• **AIM OF THE EXERCISE**: Leave the pictures out, and repeat exactly each line from the one that holds "Multi-device Charging: The" through the final line of the entries below.

• **DATA TO EXAMINE**:
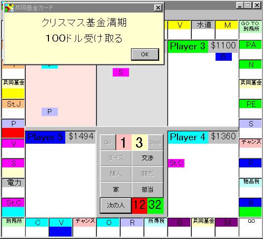 カードに止まったときはカードがめくられ表示されます。 OKを押すと指示のとおり現金授受や駒の移動が行われます。 |
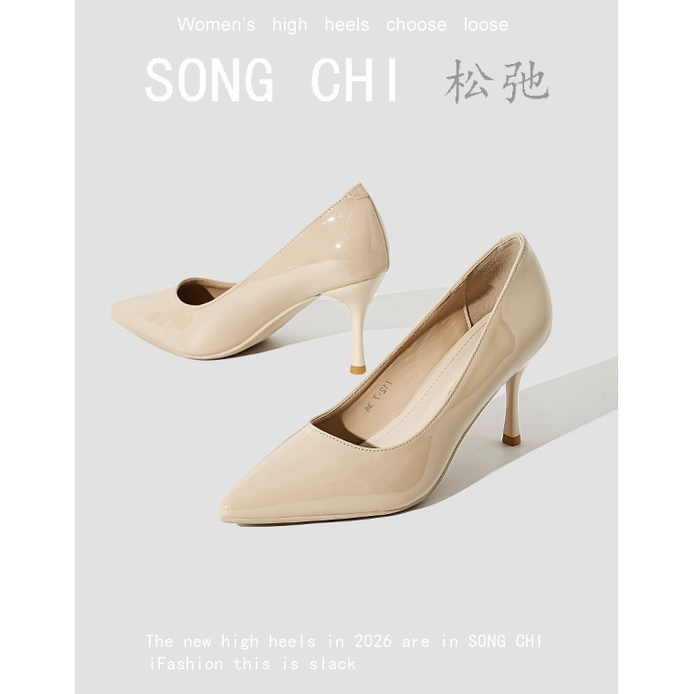 Women's Shoes 2025 New Nude Patent Leather Sexy Pointed Toe Stiletto Heels Simple Versatile Work Professional High Heels
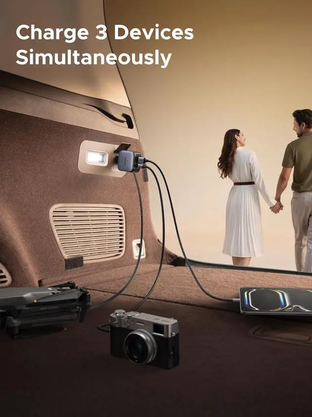 Multi-device Charging: The car charging adapter can charge three devices at once: 30W from the USB-C cable and 7.5W each from the USB-C and USB-A portsgreat for shared rides family trips and daily commutesWide
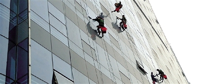 “从事高空作业除了就业许可证,还要有安全局发的高空作业证。在登高作业上岗前需要经过严格的身体检查,患恐高症、高血压、心脏病等疾病的人员是不能从事登高作业的,体重在70公斤以上的人不能从事高空作业。另外,登高作业还要受自然气候的限制,比如外墙清洗必须要在良好的气候条件下进行,风力4级以上要停止工作,雨、雪、雾、能见度差以及气温在35℃以上和0℃以下时,也不适合做外墙清洗。”河南省清洗保洁行业协会秘书长史治国介绍说。
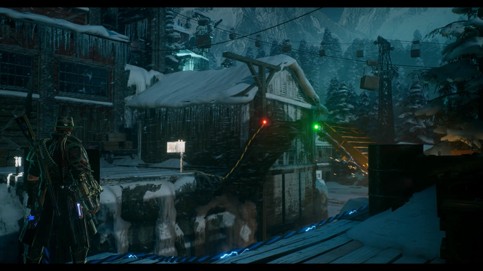 ゲームをプレイしていた短い時間で、私は Evil West の真ん中に直接配置され、いくつかのミッションが行われました。チュートリアルも、何をしているのかの手がかりもなく、雪に覆われた層を通り過ぎて、鉱業と工業化された町へと前進しなければなりませんでした。 . 審美的に、この背景は素晴らしいです。 それは、洗練された機械がその周りの冷たい死の世界に対して輝くことを可能にします. Evil West は明らかに、それがどのように見えるかを非常に気にかけています。
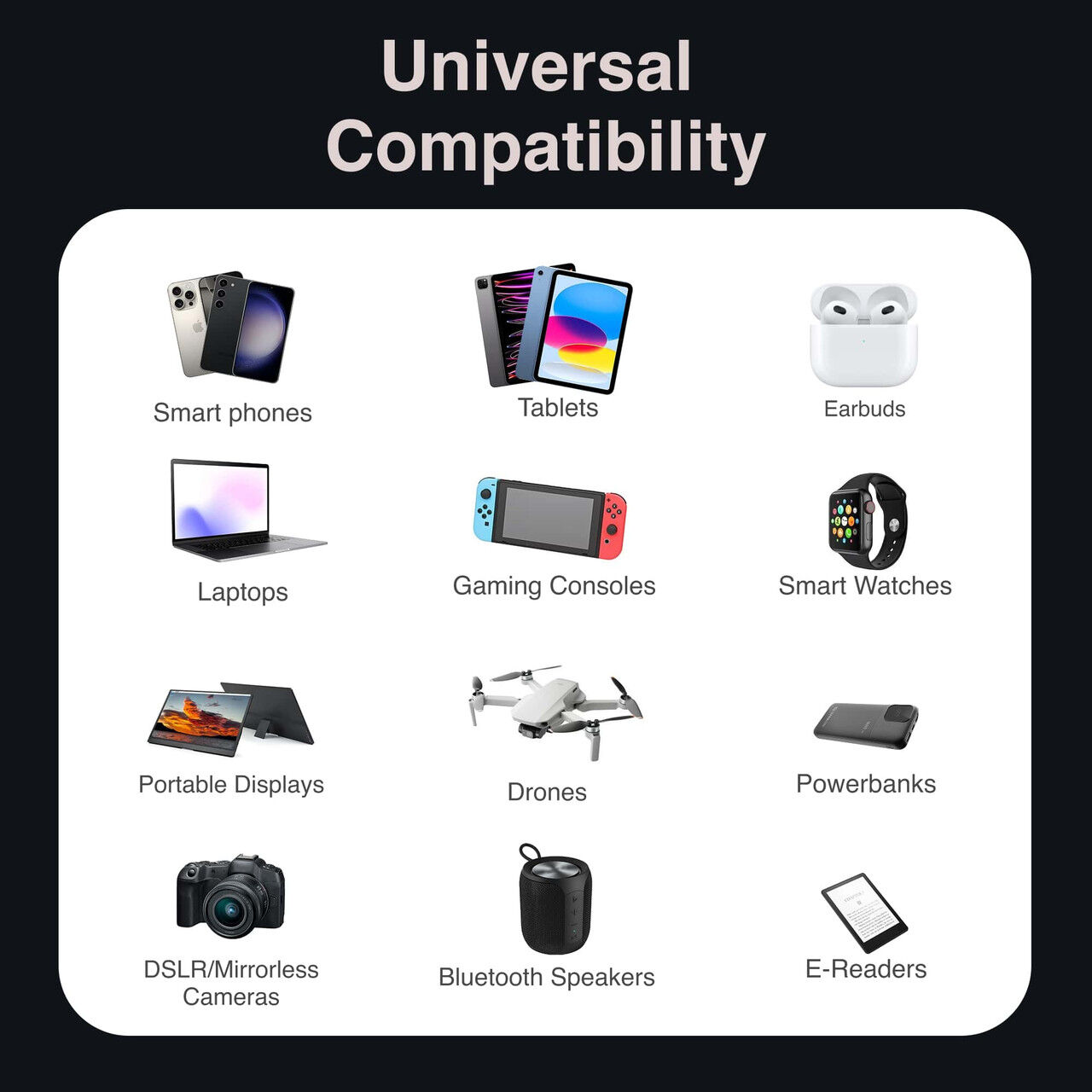 - Universal Compatibility Works seamlessly with MacBooks, iPhones, iPads, Samsung Galaxy devices, gaming consoles, and other USB-powered gadgets, making it a versatile choice for work, travel, and home use.
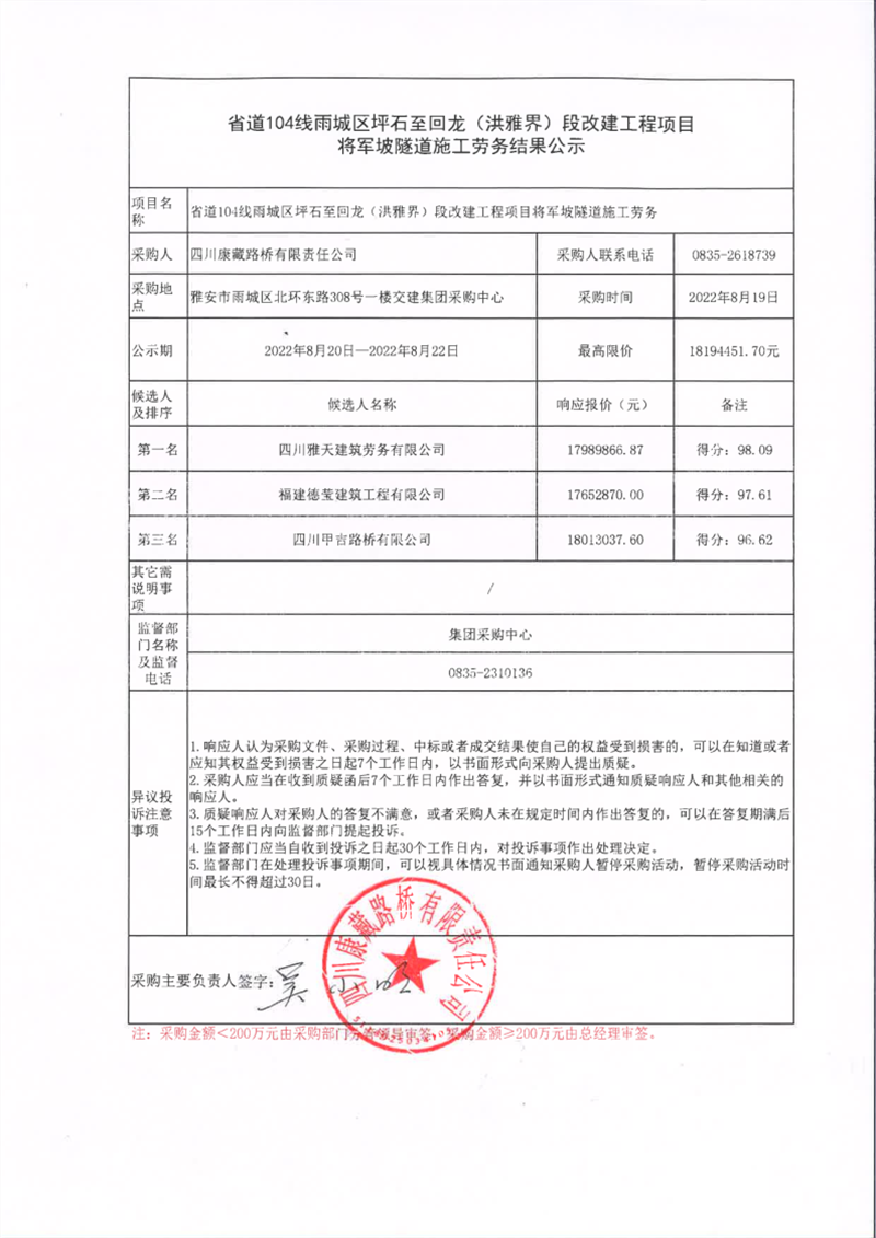 四川康藏路橋有限責(zé)任公司省道104線雨城區(qū)坪石至回龍(洪雅界)段改建工程項目將軍坡隧道施工勞務(wù)結(jié)果公示
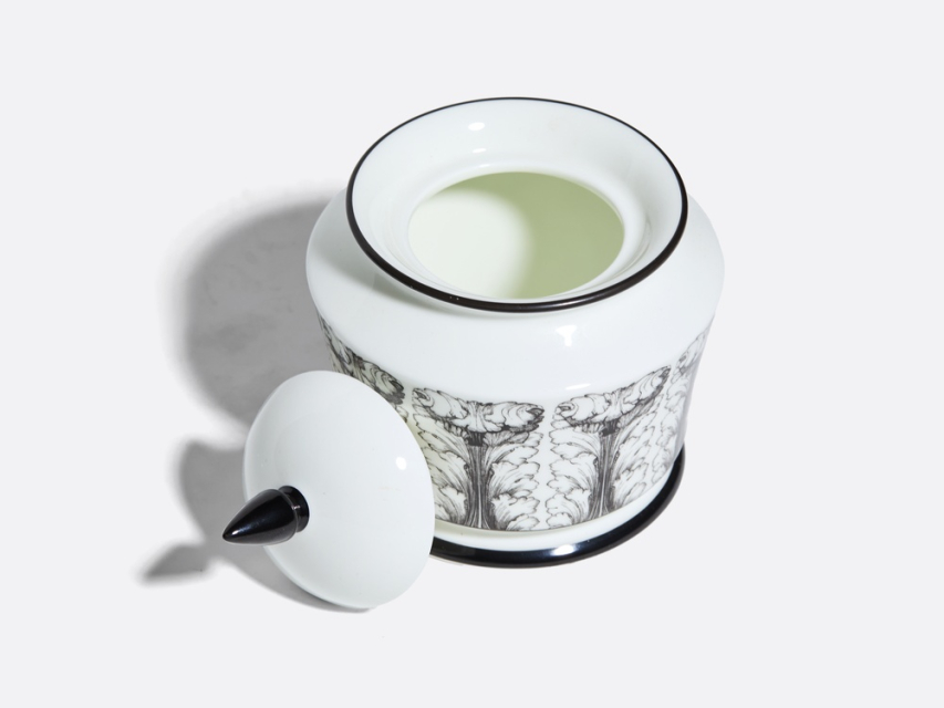 Светотень каждого изображения акцентирует рельефный декор деталей садового убранства. Гирлянды и розетки, листья тропического растения – аканта, декорирующие капители ордеров, выполнены в технике гравюры – они будто переместились с холодной архитектуры на тончайший костяной фарфор.
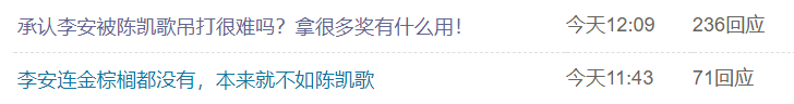 网友们开始争议国内哪位导演更厉害,不少人将李安与陈凯歌比较,列举了不少成绩,甚至还称李安不如陈凯歌。

• **ANSWER SPACE**:
 Multi-device Charging: The car charging adapter can charge three devices at once: 30W from the USB-C cable and 7.5W each from the USB-C and USB-A portsgreat for shared rides family trips and daily commutesWide
 “从事高空作业除了就业许可证,还要有安全局发的高空作业证。在登高作业上岗前需要经过严格的身体检查,患恐高症、高血压、心脏病等疾病的人员是不能从事登高作业的,体重在70公斤以上的人不能从事高空作业。另外,登高作业还要受自然气候的限制,比如外墙清洗必须要在良好的气候条件下进行,风力4级以上要停止工作,雨、雪、雾、能见度差以及气温在35℃以上和0℃以下时,也不适合做外墙清洗。”河南省清洗保洁行业协会秘书长史治国介绍说。
 ゲームをプレイしていた短い時間で、私は Evil West の真ん中に直接配置され、いくつかのミッションが行われました。チュートリアルも、何をしているのかの手がかりもなく、雪に覆われた層を通り過ぎて、鉱業と工業化された町へと前進しなければなりませんでした。 . 審美的に、この背景は素晴らしいです。 それは、洗練された機械がその周りの冷たい死の世界に対して輝くことを可能にします. Evil West は明らかに、それがどのように見えるかを非常に気にかけています。
 - Universal Compatibility Works seamlessly with MacBooks, iPhones, iPads, Samsung Galaxy devices, gaming consoles, and other USB-powered gadgets, making it a versatile choice for work, travel, and home use.
 四川康藏路橋有限責(zé)任公司省道104線雨城區(qū)坪石至回龍(洪雅界)段改建工程項目將軍坡隧道施工勞務(wù)結(jié)果公示
 Светотень каждого изображения акцентирует рельефный декор деталей садового убранства. Гирлянды и розетки, листья тропического растения – аканта, декорирующие капители ордеров, выполнены в технике гравюры – они будто переместились с холодной архитектуры на тончайший костяной фарфор.
 网友们开始争议国内哪位导演更厉害,不少人将李安与陈凯歌比较,列举了不少成绩,甚至还称李安不如陈凯歌。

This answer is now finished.